Der neue Toggle erlaubt Website-Betreibern zu entscheiden, ob ihre Inhalte in generativen KI-Suchergebnissen von Google erscheinen: AI Overviews, AI Mode und KI-Features in Discover. Er ist standardmäßig aktiviert (Inhalte erscheinen in KI). Wer ihn deaktiviert, nimmt sich selbst aus den KI-Ergebnissen heraus, ohne die klassischen Google-Rankings zu beeinflussen.
Verliere ich mein Google-Ranking, wenn ich den Toggle deaktiviere?
Nein. Google hat ausdrücklich bestätigt: Das Opt-out aus KI-Features ist kein Ranking-Signal für klassische Suchergebnisse.
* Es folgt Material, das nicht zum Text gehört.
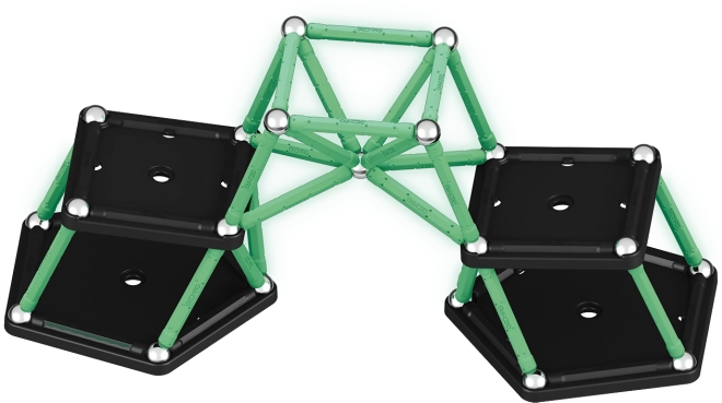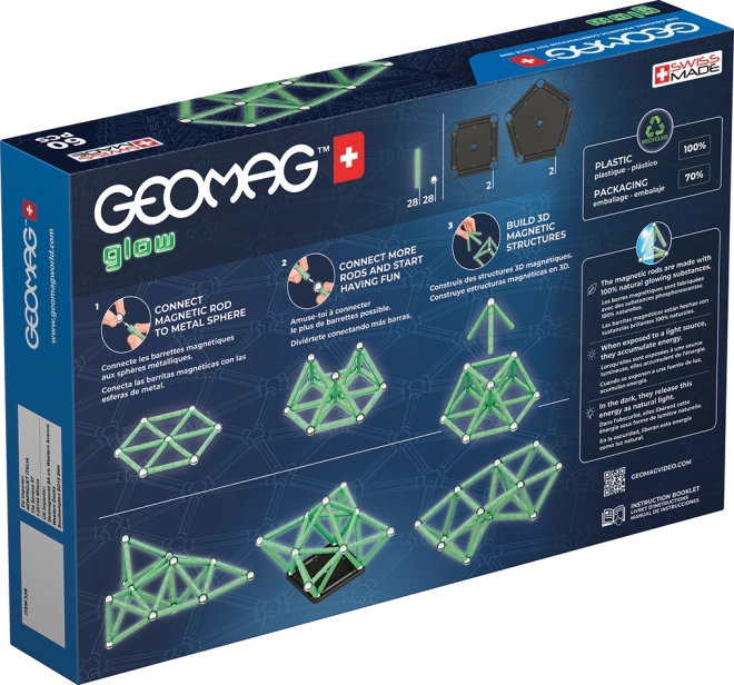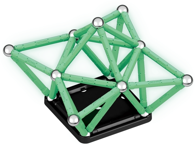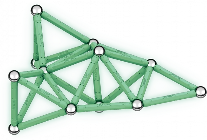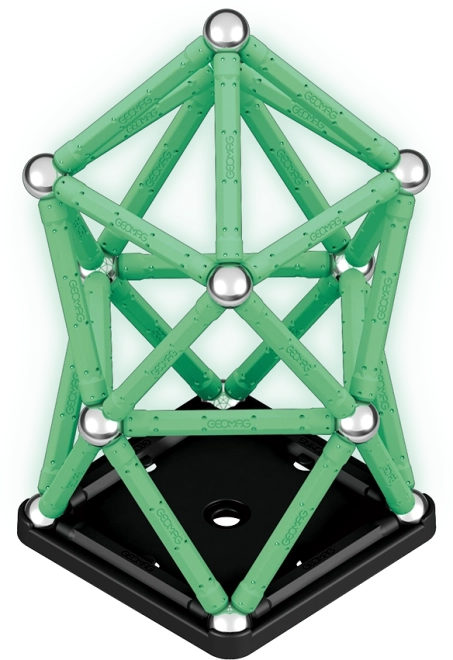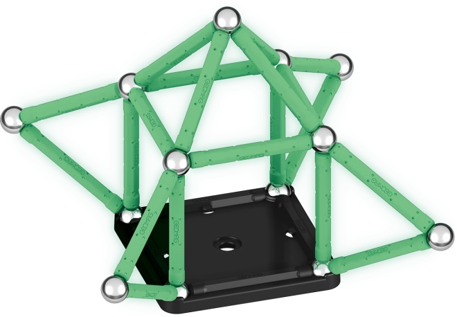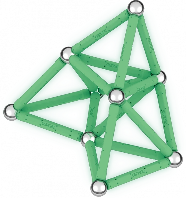 Geomag Glow ehituskomplekt ühendab lõbu ja õppimise. Pimedas helendavad magnetpulgad ärkavad hämardudes ellu ja muudavad iga mudeli köitvaks valgusetenduseks. Detailid on valmistatud 100% taaskasutatud plastist, nii et lapsed mängivad lõbusalt ja jätkusuutlikult.

Du verlierst nur die Sichtbarkeit in AI Overviews und AI Mode, nicht deine Position in den normalen Suchergebnissen.
Für wen sind die neuen Performance-Reports verfügbar?
Der Rollout startete im Juni 2026 mit einer Teilmenge britischer Website-Betreiber und wird seit Juli 2026 auf weitere Länder ausgeweitet: Betreiber aus den USA, Indien und der Schweiz melden bereits Zugang. In Deutschland ist die Funktion noch nicht freigeschaltet (Stand 10.07.2026), kann aber jeden Tag kommen. Du erkennst den Zugang daran, dass in der Search Console unter „Leistung" ein neuer Bereich für generative KI erscheint.
Was zeigen die neuen Performance-Reports konkret?
Die neuen Berichte zeigen Impressionsdaten für KI-Features: wie oft deine Seiten in AI Overviews und AI Mode erscheinen, welche Seiten die höchste KI-Sichtbarkeit haben und aus welchen Ländern und Geräten diese Impressionen kommen. Klick-Daten sind in der aktuellen Version noch nicht enthalten.
Lohnt sich GEO-Optimierung schon, bevor ich Zugang zu den Reports habe?
Ja. Die Reports messen die Wirkung von Inhalten, die jetzt schon vorhanden sind. Wer mit GEO-Optimierung wartet, bis er Zugang zu den Reports hat, verschenkt die Zeit, in der seine Inhalte bereits von KI-Systemen eingelesen und bewertet werden. Früher starten bedeutet früher messbar besser dastehen.